News ID: 259786
Published: 0524 GMT October 05, 2019

Main points of Johnson’s Brexit game of hide-and-seek

Main points of Johnson’s Brexit game of hide-and-seek

UK PM Boris Johnson’s Brexit game of hide-and-seek with the public has been called out by the EU and Ireland. Read the main points of his limited-release ‘final deal’ and the reactionary outcry.

In an extraordinary announcement telling of growing mistrust of the UK Government, President of the European Commission, Jean-Claude Juncker, and Leo Varadkar, the Irish Taoiseach, issued a statement saying that the UK should open the legal text submitted to the EU on Wednesday to public scrutiny, Presstv Reported.

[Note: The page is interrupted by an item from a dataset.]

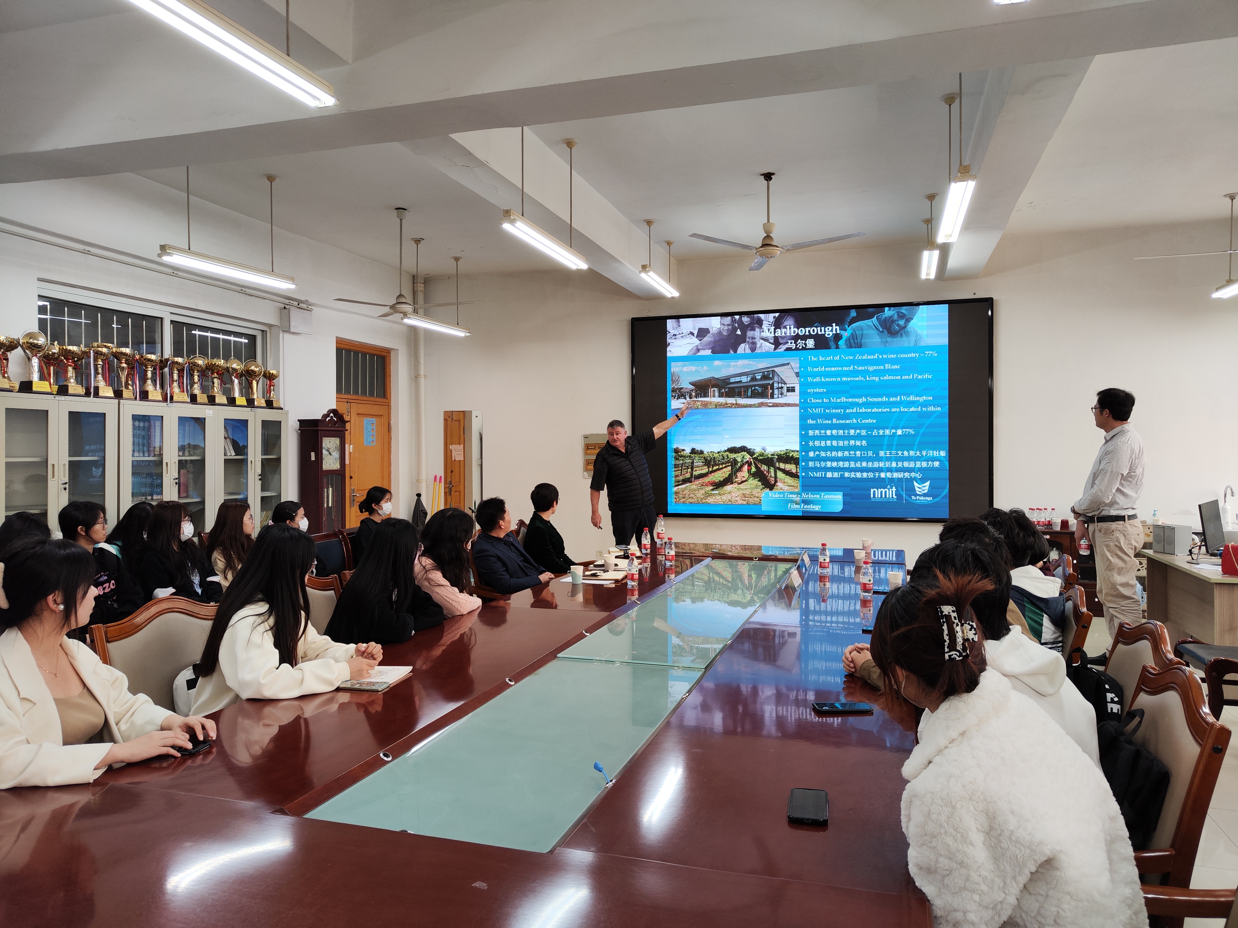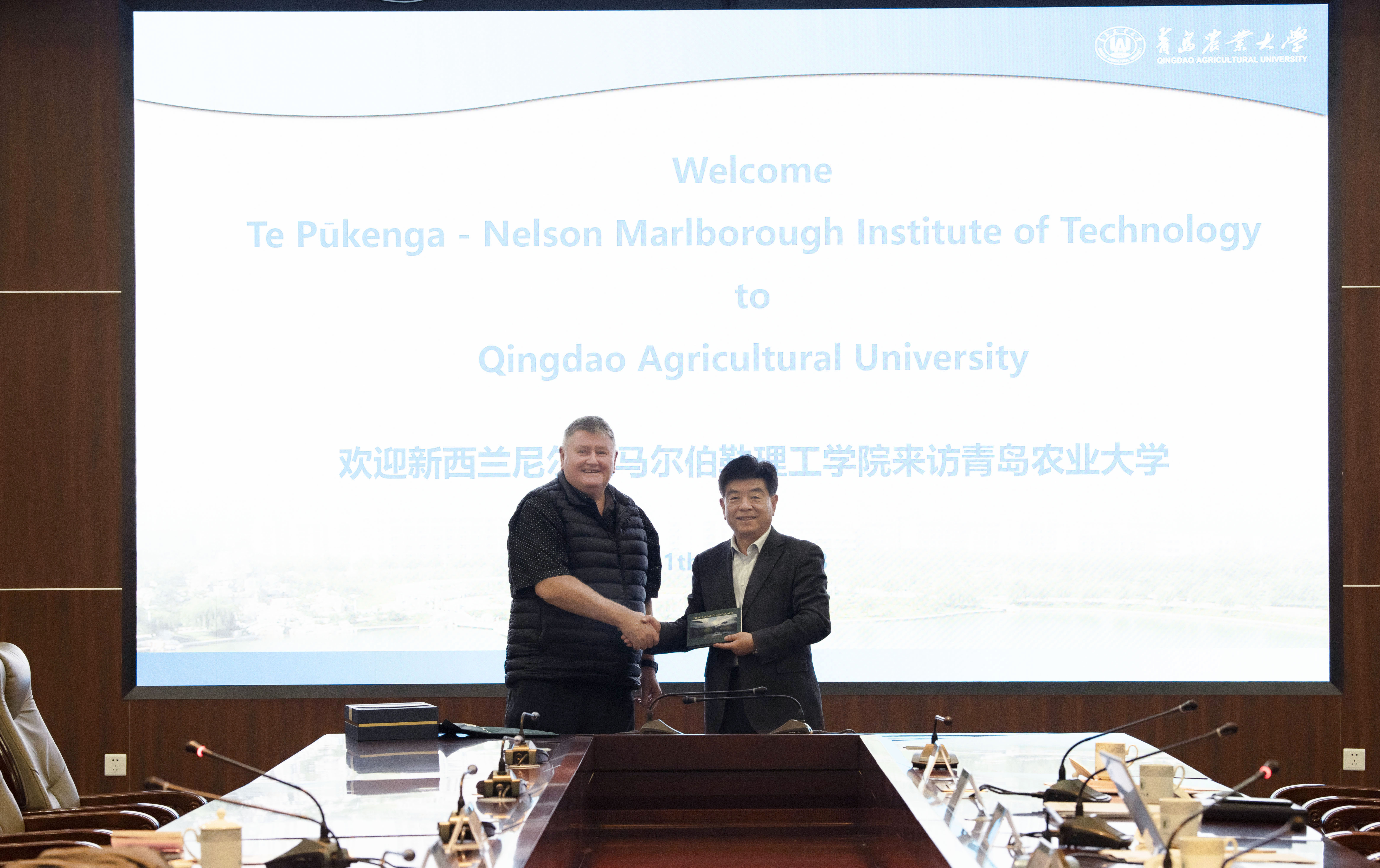 Johnstuart Inglis对学校的欢迎表示感谢,对学校取得博士学位授权以及中外合作办学等方面的成就表示祝贺,并介绍了尼尔森马尔伯勒理工学院的基本情况。他表示,两校都处于高速发展时期,学院与新西兰国家葡萄酒研究中心合作,并将该中心建在校内。此外,新西兰16所公立技术和理工学院合并,成立国立新西兰理工学院,尼尔森马尔伯勒理工学院已正式成为国立新西兰理工学院的一部分。Johnstuart Inglis表示,希望两校把握新时机、新机遇,拓展新领域,在合作项目上不断取得新突破。

Boris Johnson has published only a seven page report on the 44-page proposal, having kept secret further details from his cohorts in Parliament as well as the public.

Specifically, the seven-page explanatory document states that the Prime Minister insists on a customs border on the island of Ireland, which would “absolutely not” require new infrastructure for checks and controls.

Northern Ireland shall retain the ability to vote every four years on whether it chooses to stay in the EU’s single market for goods, the government proposed. The plan would keep Northern Ireland in the EU single market for goods but see it leave the customs union.

Mr. Johnson said his idea of replacing the Irish backstop with a new regime of checks represented a genuine compromise and had been heard with interest by EU leaders. The UK PM warned that if the EU fails to accept his final deal, he will allow a no-deal to go through.

There are fears among officials that the Prime Minister is merely seeking to blame Brussels for a failure to find a deal. EU chief negotiator for the Brexit, Michel Barnier, went so far as to describe the proposal as a trap.

Moreover, Ireland’s premiere said he told the UK prime minister that the legal texts tabled “do not fully meet the agreed objectives of the backstop”. Mr. Varadkar accused Mr. Johnson of misleading parliament over the impact on the Irish border.

“I am reassured by what Prime Minister Johnson said today: that he is not proposing that there should be any new physical infrastructure on the island of Ireland linked to customs or customs checks – but that is actually in contradiction to the papers presented by the UK government yesterday,” Varadkar said. “I don’t fully understand how we can have Northern Ireland and the Republic of Ireland in a separate customs union and somehow avoid there being tariffs and checks and customs posts between north and south.”

Negative reactions kept pouring in from all sectors, specifically the European Parliament’s Brexit steering group, which insisted Mr. Johnson’s final Brexit proposal did not “even remotely” amount to an acceptable deal for the EU.

The prime minister’s chief negotiator, David Frost, has been given a deadline of one week to offer fresh solutions on the key sticking points.

Missing from key reactions to Mr. Johnson’s final dash to a deal is the British public’s opinion. Mr. Varadkar has suggested that the British public changed its mind on Brexit, but was being prevented from having its voice heard.

“All the polls since Mr. Johnson became prime minister suggest that’s what the British people actually want, but their political system is not able to give them that choice,” he said.

It has become clear that the people’s champion is not a Briton after at all, but rather, those sitting on the opposing side of the UK Government.

Optimism for the possibility of striking any sort of a deal in the next 10 days has waned as the EU’s chief negotiator told diplomats on Thursday night that the British must “fundamentally amend their position”.

Brussels has stressed that a deal must be reached before leaders attend a crunch EU summit on 17 October.

What is at stake is not only the UK’s prospect to enhance its economy through trade with non-EU nations, but peace in Ireland – whose residents reject any physical border infrastructure on the island.

Boris Johnson seeks to strike his own trade deals, particularly with the US, and the Irish backstop is an impediment to his overall goal. But the EU will push back hard against suggestions that it needs to revise its own customs rules to suit the UK.